Determination of the characteristic variety V(I_k) for V^k(sl3) at level k = -3 + 2/(2m+1)

Determine the Harish–Chandra characteristic variety V(I_k), as defined via the image of the maximal ideal I_k of V^k(sl_3) in the Zhu’s algebra A(V^k(sl_3)) ≅ U(sl_3), at levels k = -3 + 2/(2m+1) with m > 0, by proving that V(I_k) equals the set {tΛ_1 − (2i/(2m+1))Λ_3, tΛ_2 − (2i/(2m+1))Λ_3, tΛ_1 − ((t + 2i + 1)/(2m+1))Λ_3 | t ∈ C, i = 0,1,...,2m}.

Background

In Section 2, the paper recalls the notion of the characteristic variety V(I) for a two-sided ideal I ⊂ U(g) defined via the Harish–Chandra projection. For the maximal ideal I_k of the affine vertex algebra V^k(sl_3), its image in A(V^k(sl_3)) ≅ U(sl_3) determines V(I_k).
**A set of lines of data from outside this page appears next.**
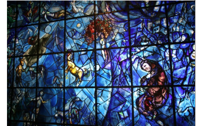
Pictured above is a stained glass window that hangs in the main entrance of the United Nations building.

system accountable for its own commitments on gender equality which will include monitoring on system-wide progress. GEAR (Gender Equality Architecture Reform) has worked hard over the past 4 years to help to have this new entity become a reality. The Secretary-General has said that it will be operational by January 2011 and its head will have the title of Under Secretary-General.
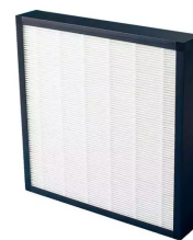
Pre filter for filtoo, ViroLine and AirToo Product No.: 978004
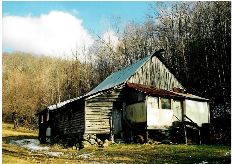
The Cash homeplace where the sisters were raised
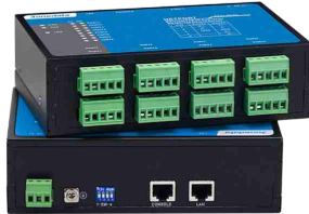
8 Port 232/485/422 to Ethernet
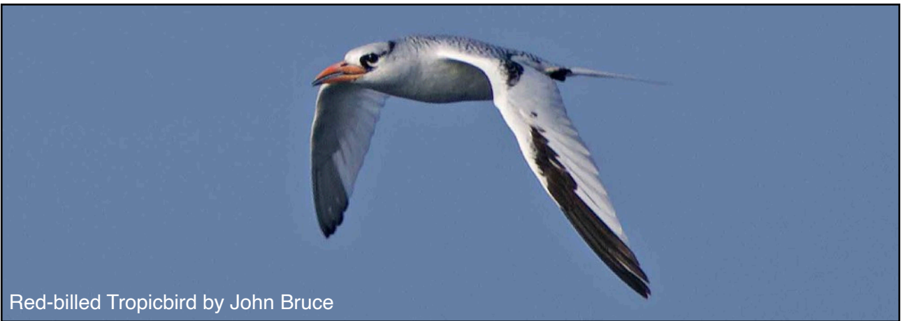
Red-billed Tropicbird
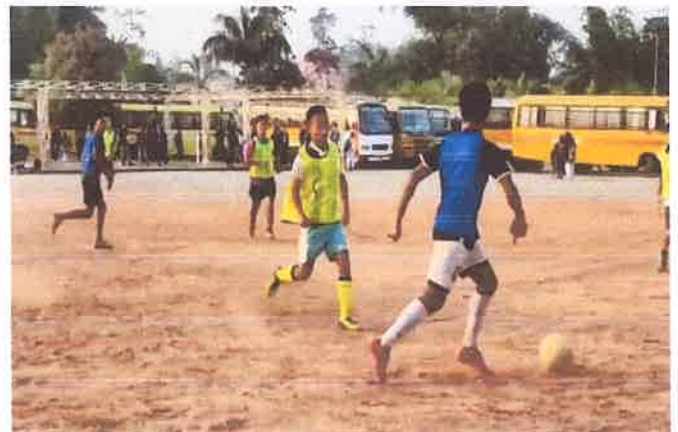
Glimpses of Inter Hostel Futsal Competition
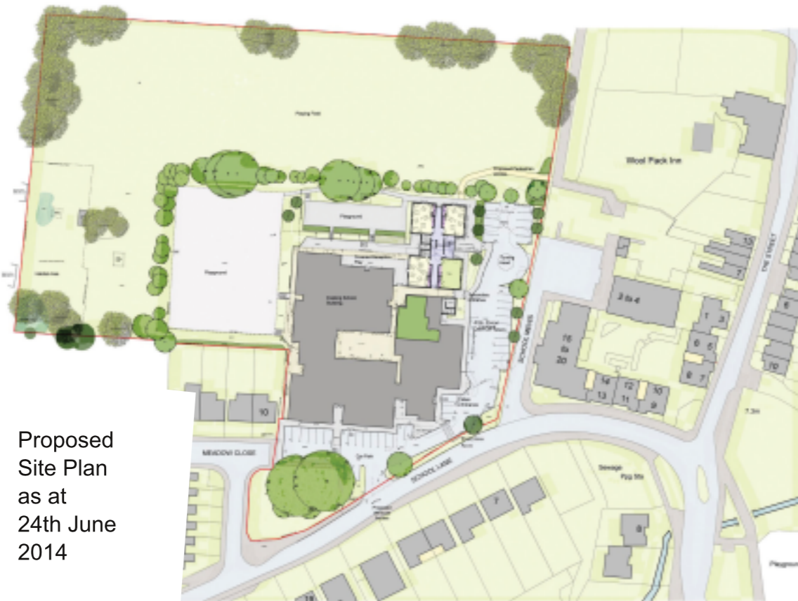
Proposed Site Plan as at 24th June 2014

2.1.8 Further details of the design of the proposed development can be found in the accompanying Design and Access Statement."
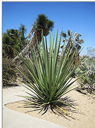
MacDougal's Century Plant

MacDougal's Century Plant is recommended for the following landscape applications;
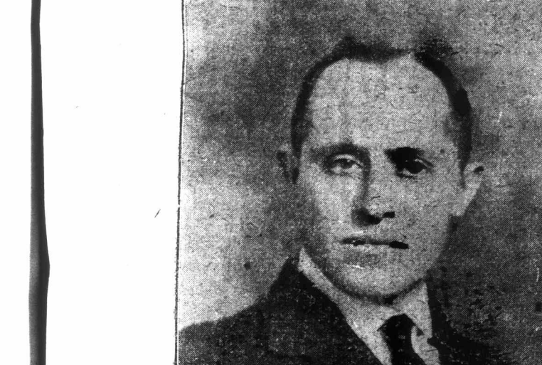
Dr. E. O. Platt, who will stand for re-election for Mayor of the City of Belleville for the Year 1919.
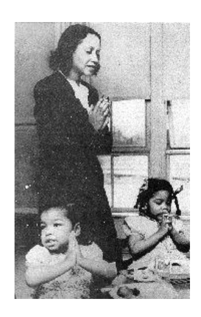
Spirit of prayer captured at Flanner House, Indianapolis, ca. 1955.

Churches have served the needs of their members through a variety of activities and a network of church organizations. Church choirs and other musical groups have served a spiritual purpose and a social purpose as well as developing musical talents. Sunday schools, men's groups, women's groups, and youth groups have also served social as well as religious purposes through dinners, teas, picnics, and annual outings.
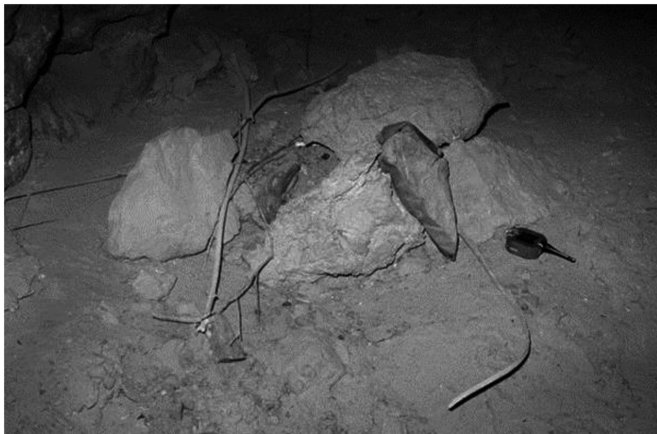
Figure 2. One of eleven cairns found in Crescendo Cave, Grand Canyon, with several long, unmodified and split sticks in association. This cairn is Cairn 5 as described by Emslie et al. (1995).

fawn survival. The higher mortality was caused by a combination of lack of water and absence of nutritious forage. Desert mule deer ( Odocoileus hemionus Rafinesque) are similarly affected. Smith and LeCount (1979) completed a nine-year study of this species in Arizona and found a strong correlation between winter precipitation, forb and small shrub productivity, and fawn survival. Lawrence et al. (2004) studied deer survival for nearly three years in southwest Texas. They also found a direct correlation between periods of drought with adult female and fawn survival.
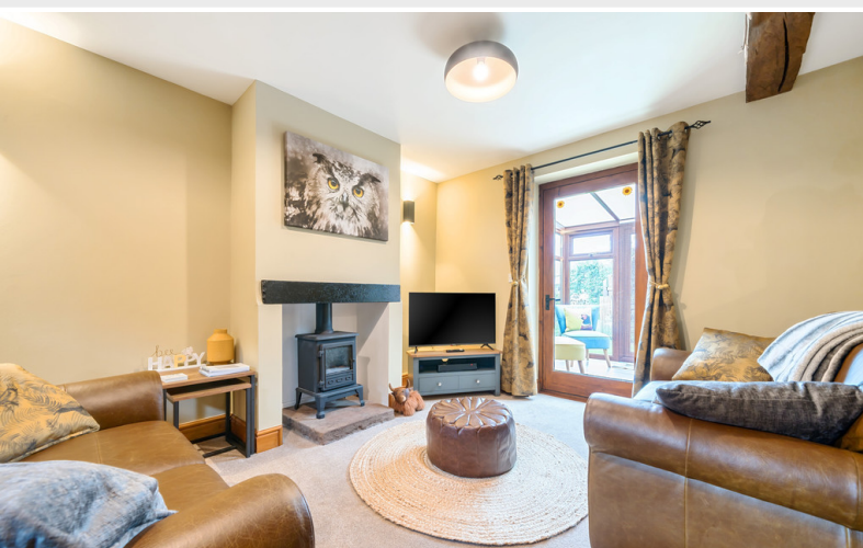
Living / Dining Room
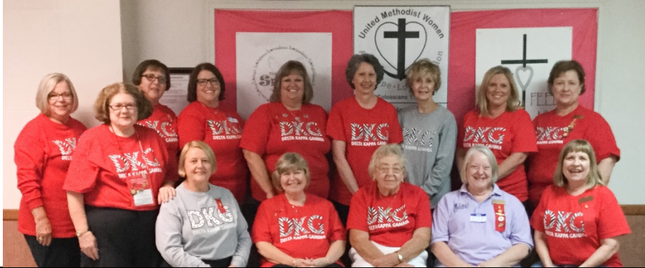
Always the center of Pi Chapter
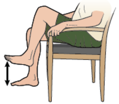
Figure 15. Marching in place
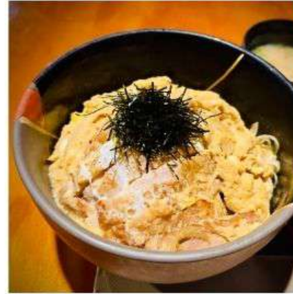
Oyako Don $21.00 Chicken and Egg
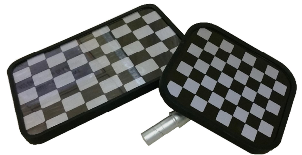
Compact Style Mini-Targets
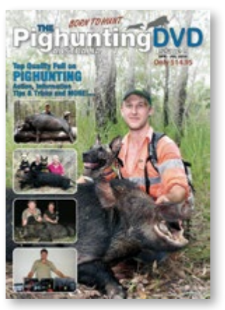
Watch the trailer

The Pighunting DVD includes top quality hunts from Cairns, Cape York, Darwin and the central tablelands.
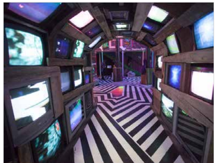
Meow Wolf House of Eternal Return

Expect Meow Wolf to energize a rather vacant and barren area. Around a half a million people visited Meow Wolf in Santa Fe and it is nearly three times smaller than the Denver site. Plans to break ground are set for the third quarter of 2018, with a projected opening date in 2020.

The conjecture proposes an explicit description of V(I_k) as a finite union of affine lines in weight space parameterized by t ∈ C and indexed by i = 0,...,2m, tightly connected to the representation theory of L_k(sl_3) and to the proposed classification of A(L_k(sl_3))-modules in Conjecture 1.5.